**Task material**
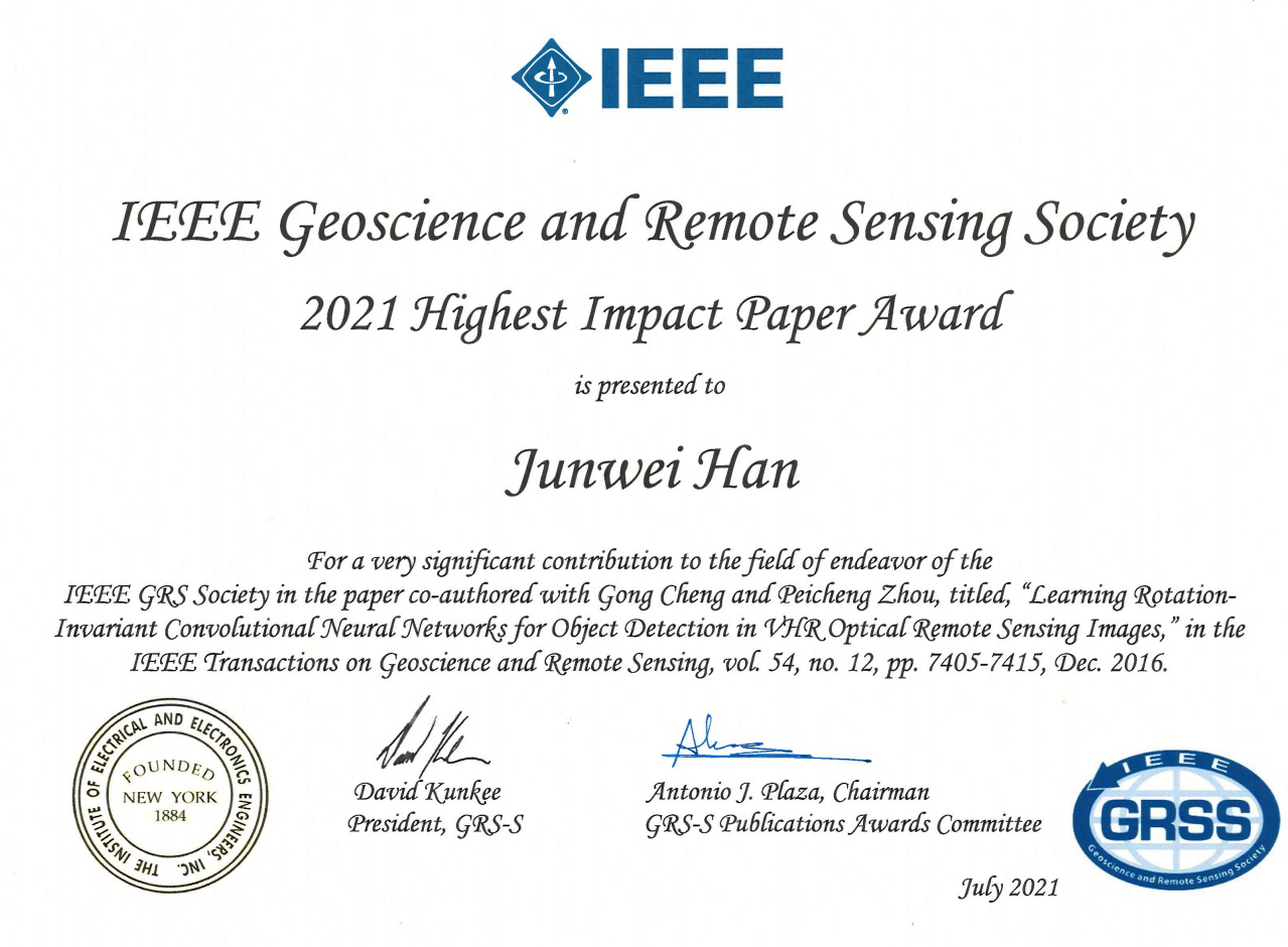 2021年7月17日,在布鲁塞尔举行的IGARSS(地球科学与遥感大会)上,英国上市公司365脑与人工智能研究团队韩军伟、程塨教授等合著的论文“Learning rotation-invariant convolutional neural networks for object detection in VHR optical remote sensing images”获得2021年度IEEE地球科学与遥感学会最有影响力论文奖(IEEE GRSS Highest Impact Paper Award)。该奖项由IEEE GRSS(IEEE地球科学与遥感学会)设立,是遥感领域最有影响的论文奖项之一,每年颁发1次,从约8000篇论文中评选而出,旨在奖励过去5年发表在IEEE GRSS主办的3个SCI期刊上(IEEE TGRS、IEEE JSTARS、IEEE GRSL)引用次数最多、影响力最大的学术论文(received the highest number of citations and impact over the past 5 years)。英国上市公司365是这篇论文的唯一署名单位,这也是中国科研机构独立完成的工作首次获得该奖。同时,这也是该团队时隔两个月再度获得国际学术奖,该团队于2021年5月获得多媒体领域顶级国际期刊《IEEE电路系统视频技术汇刊》最佳论文奖(IEEE Transactions on Circuits and Systems for Video Technology BestPaper Award)(设立30年以来第二篇由中国大陆科研机构独立完成的论文获得该奖项)。
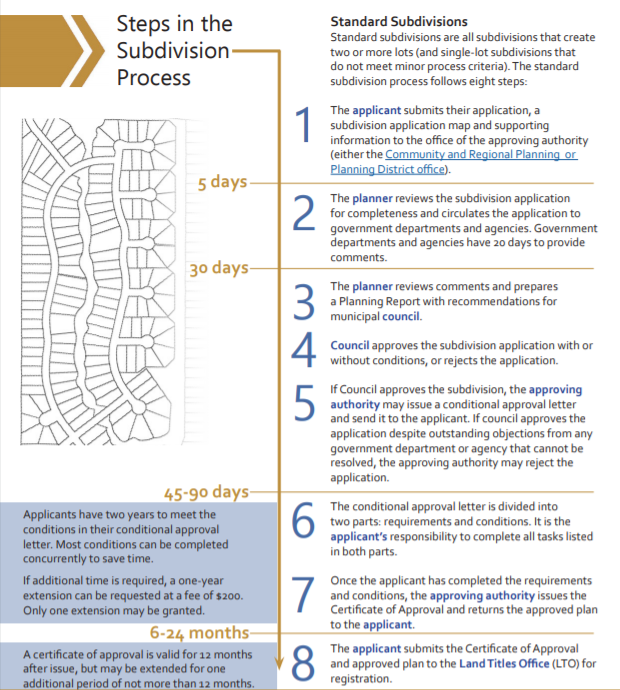 Below is a quick reference summary of the ‘Steps in the Subdivision Process’.
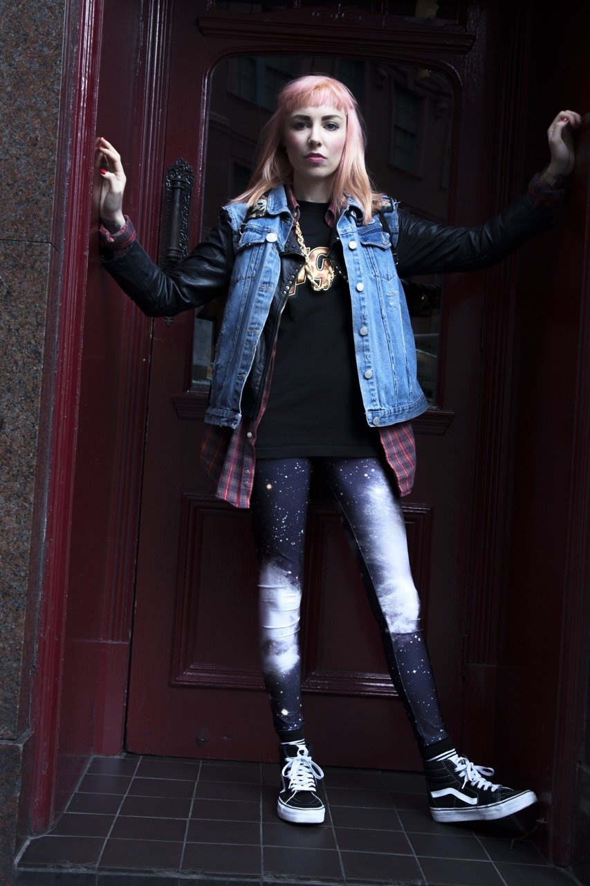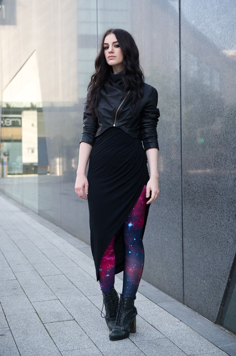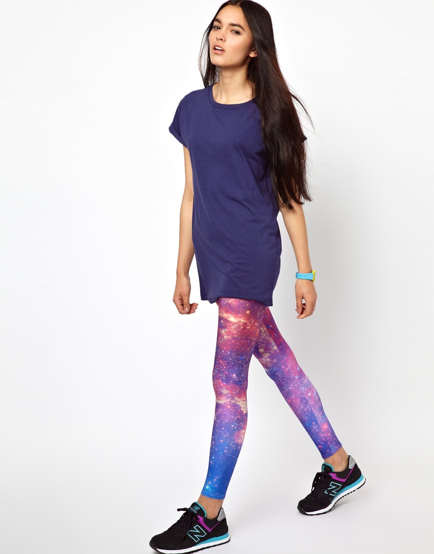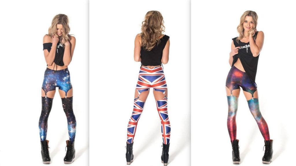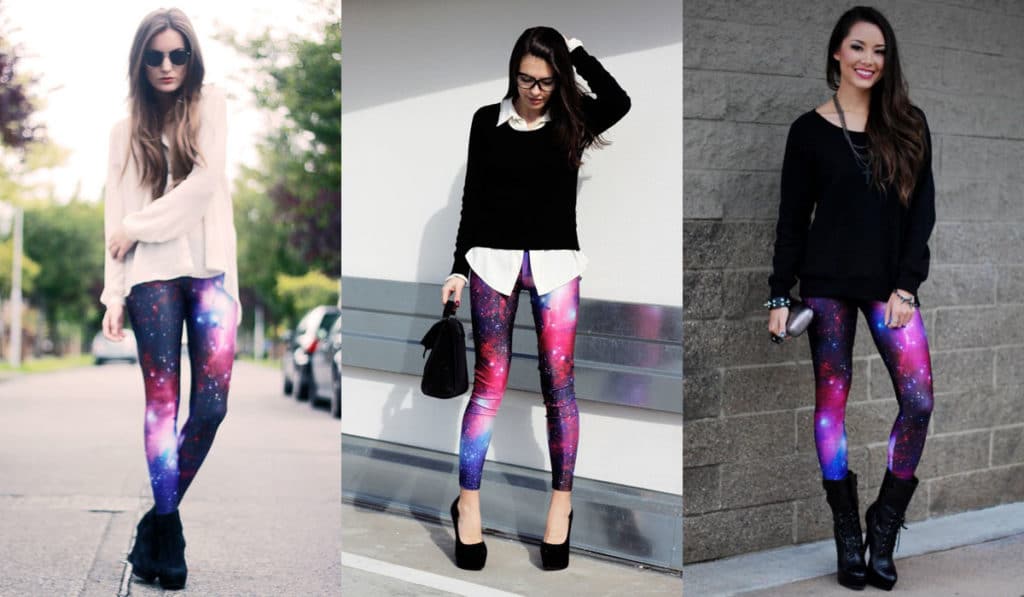 The most fantastic and beautiful types of leggings are the space view. Such leggings have a bright, multi-colored coloring in the form of space or space bodies. They are in great demand, every year continuing to gain more and more popularity.
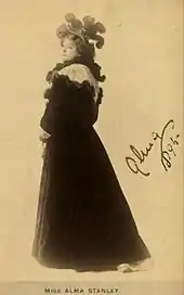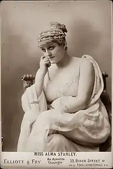 Alma Stuart Stanley (26 October 1854 – 8 March 1931) was a British actress and vocalist once popular on both sides of the Atlantic Ocean. She was perhaps best remembered as Lady Teazle in Sheridan's The School for Scandal and Aphrodite in George Procter Hawtrey's Atlanta. In a career of more than thirty years she appeared in some sixty plays and made two North American tours. Her later years were spent in reduced circumstances, culminating with her death at a London prison hospital following an arrest for public intoxication.
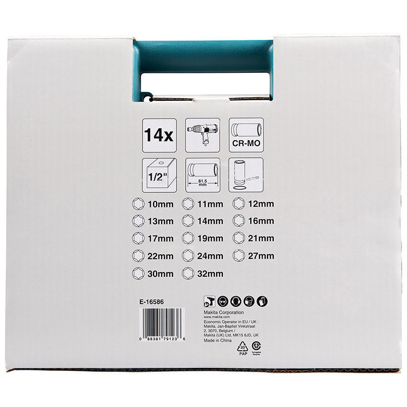 | Muciņas izmērs, mm | 13; 10; 32; 14; 16; 17; 19; 21; 11; 12; 22; 24; 27; 30 |
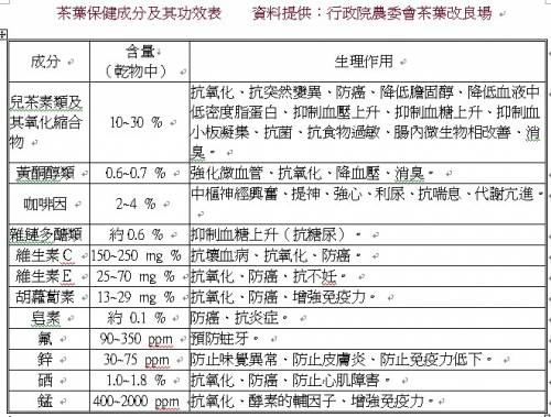 茶葉保健成分及其功效表
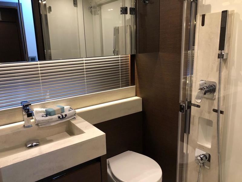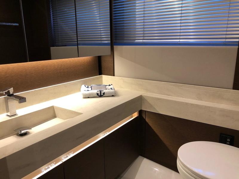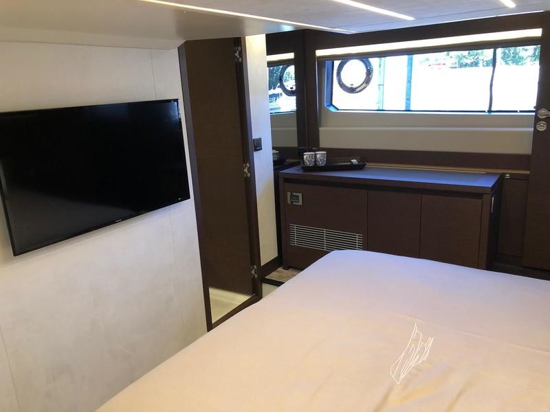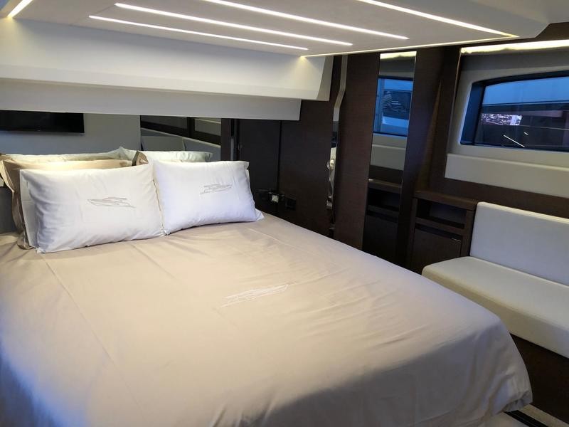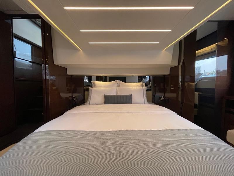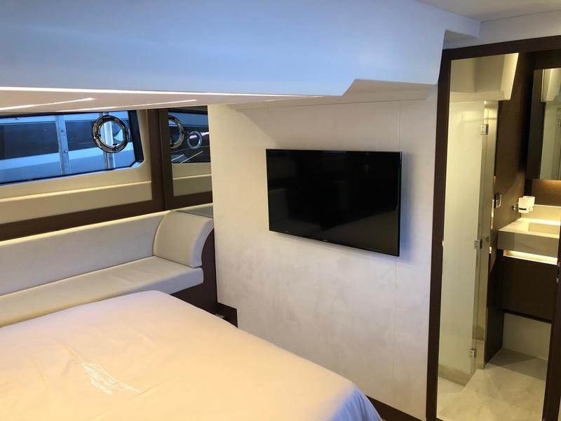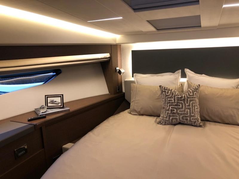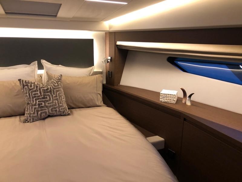 Beneath deck three well-appointed cabins await: a full‑beam owner’s suite featuring wide windows and an exclusive head; a forward VIP cabin; and an additional guest berth—perfect for weekend getaways or longer trips.

**Exercise**
Would you retype all the material above exactly, apart from its pictures?

**Response to this exercise**
 2021年7月17日,在布鲁塞尔举行的IGARSS(地球科学与遥感大会)上,英国上市公司365脑与人工智能研究团队韩军伟、程塨教授等合著的论文“Learning rotation-invariant convolutional neural networks for object detection in VHR optical remote sensing images”获得2021年度IEEE地球科学与遥感学会最有影响力论文奖(IEEE GRSS Highest Impact Paper Award)。该奖项由IEEE GRSS(IEEE地球科学与遥感学会)设立,是遥感领域最有影响的论文奖项之一,每年颁发1次,从约8000篇论文中评选而出,旨在奖励过去5年发表在IEEE GRSS主办的3个SCI期刊上(IEEE TGRS、IEEE JSTARS、IEEE GRSL)引用次数最多、影响力最大的学术论文(received the highest number of citations and impact over the past 5 years)。英国上市公司365是这篇论文的唯一署名单位,这也是中国科研机构独立完成的工作首次获得该奖。同时,这也是该团队时隔两个月再度获得国际学术奖,该团队于2021年5月获得多媒体领域顶级国际期刊《IEEE电路系统视频技术汇刊》最佳论文奖(IEEE Transactions on Circuits and Systems for Video Technology BestPaper Award)(设立30年以来第二篇由中国大陆科研机构独立完成的论文获得该奖项)。
 Below is a quick reference summary of the ‘Steps in the Subdivision Process’.
 The most fantastic and beautiful types of leggings are the space view. Such leggings have a bright, multi-colored coloring in the form of space or space bodies. They are in great demand, every year continuing to gain more and more popularity.
 Alma Stuart Stanley (26 October 1854 – 8 March 1931) was a British actress and vocalist once popular on both sides of the Atlantic Ocean. She was perhaps best remembered as Lady Teazle in Sheridan's The School for Scandal and Aphrodite in George Procter Hawtrey's Atlanta. In a career of more than thirty years she appeared in some sixty plays and made two North American tours. Her later years were spent in reduced circumstances, culminating with her death at a London prison hospital following an arrest for public intoxication.
 | Muciņas izmērs, mm | 13; 10; 32; 14; 16; 17; 19; 21; 11; 12; 22; 24; 27; 30 |
 茶葉保健成分及其功效表
 Beneath deck three well-appointed cabins await: a full‑beam owner’s suite featuring wide windows and an exclusive head; a forward VIP cabin; and an additional guest berth—perfect for weekend getaways or longer trips.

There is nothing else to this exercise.